No grupo controle de 14 ratos, nenhum recebeu a droga. Desses 8 morreram e outros 6 não voltaram a movimentar as patas paralisadas. Esta pesquisa foi publicada na última edição da revista Proceedings of the National Academy of Sciences.
Droga usada para combater o câncer.
A droga CM101 vem sendo pesquisada pela Vanderbilt University como uma droga anti-cancêr, devido a sua capacidade em prevenir o crescimento de novos vasos sanguíneos. Para sobreviver e crescer, os tumores dependem do crescimento de novos vasos sanguíneos, pois através desses vasos chegam os nutrientes que o alimentam. Drogas contra o câncer bloqueiam o processo de formação desses novos vasos.

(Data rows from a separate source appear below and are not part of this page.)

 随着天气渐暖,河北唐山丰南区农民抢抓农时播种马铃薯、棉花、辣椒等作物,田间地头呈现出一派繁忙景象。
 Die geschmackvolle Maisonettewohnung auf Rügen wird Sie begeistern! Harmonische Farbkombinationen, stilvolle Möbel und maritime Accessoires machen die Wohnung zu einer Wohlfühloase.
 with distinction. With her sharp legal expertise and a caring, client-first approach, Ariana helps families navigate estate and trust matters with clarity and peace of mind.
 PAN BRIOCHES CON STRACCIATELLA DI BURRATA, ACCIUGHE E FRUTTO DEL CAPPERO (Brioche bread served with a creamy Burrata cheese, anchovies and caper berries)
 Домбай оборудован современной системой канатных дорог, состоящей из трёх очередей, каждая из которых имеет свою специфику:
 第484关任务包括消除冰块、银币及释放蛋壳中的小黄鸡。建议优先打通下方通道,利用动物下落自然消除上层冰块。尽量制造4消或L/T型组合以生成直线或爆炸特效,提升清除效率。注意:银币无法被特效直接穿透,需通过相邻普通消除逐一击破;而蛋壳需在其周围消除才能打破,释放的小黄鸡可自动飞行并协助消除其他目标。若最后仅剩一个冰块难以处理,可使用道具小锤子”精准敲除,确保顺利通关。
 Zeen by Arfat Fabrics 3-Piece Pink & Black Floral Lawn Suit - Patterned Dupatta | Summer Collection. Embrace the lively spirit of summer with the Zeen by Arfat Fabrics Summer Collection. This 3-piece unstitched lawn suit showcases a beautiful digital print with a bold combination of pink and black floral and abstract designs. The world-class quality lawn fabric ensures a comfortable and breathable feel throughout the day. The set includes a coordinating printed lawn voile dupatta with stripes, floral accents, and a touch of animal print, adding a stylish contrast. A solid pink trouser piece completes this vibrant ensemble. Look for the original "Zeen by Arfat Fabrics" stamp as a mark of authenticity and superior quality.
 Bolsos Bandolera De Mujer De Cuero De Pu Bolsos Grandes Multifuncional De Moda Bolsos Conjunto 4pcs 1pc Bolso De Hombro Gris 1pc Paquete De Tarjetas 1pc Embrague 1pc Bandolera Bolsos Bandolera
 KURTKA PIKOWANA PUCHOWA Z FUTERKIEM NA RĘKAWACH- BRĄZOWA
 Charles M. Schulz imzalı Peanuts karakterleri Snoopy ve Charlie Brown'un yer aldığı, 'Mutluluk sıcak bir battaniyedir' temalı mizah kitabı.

Na pesquisa da paralisia, a droga CM101 trabalha bloqueando a formação de novos vasos sanguíneos na região da medula lesionada e que se formam em decorrência da inflamação local que se segue a lesão medular.
Segundo os pesquisadores, o processo desencadeado pela droga CM101 previne a formação da cicatriz que normalmente se forma no local em que a medula foi lesionada e assim, as células nervosas conseguem se reconectar. A formação de tecido cicatricial no local da medula lesionada é tido como um dos obstáculos a regeneração da medula.
"Caso a droga CM101 seja capaz de prevenir a degeneração nervosa em humanos como fez nos ratos, será excelente nos casos de lesão medular aguda", disse o pesquisador Carl Hellerqvist.
Entretanto, alguns pesquisadores alertam que outras drogas que haviam funcionado bem em ratos não repetiram os resultados quando testadas em humanos.
"Foram utilizados alguns ratos, agora será preciso testar em gatos e talvez primatas para então, testar em humanos," afirmou Thomas H. Countee Jr., diretor do National Spinal Cord Injury Association.
Entretanto, ele disse, os resultados das pesquisas são encorajadoras.
Teste em humanos darão início no próximo ano.
A equipe da Vanderbilt University espera iniciar os testes om CM101 em pessoas com lesão medular no próximo ano, uma vez que nas pesquisas de câncer a droga se mostrou segura para humanos.
Caso a droga CM101 funcione em humanos, será uma grande vantagem em relação a droga experimental Sygen, a qual precisa ser administrada horas após a lesão medular. Os pesquisadores acreditam que a droga CM101 poderá ser administrada dias após a lesão.
No caso de pacientes com lesão medular crônica, o uso da doga CM101 deverá ser precedido de cirurgia para remover o tecido cicatricial que se forma no local da lesão, assim como a utilização de outras drogas que estimulem o crescimento das células nervosas.
A droga CM101 foi licenciada pela empresa CarboMed Inc que ajudou a custear as pesquisas e está situada no estado americano do Tennessee.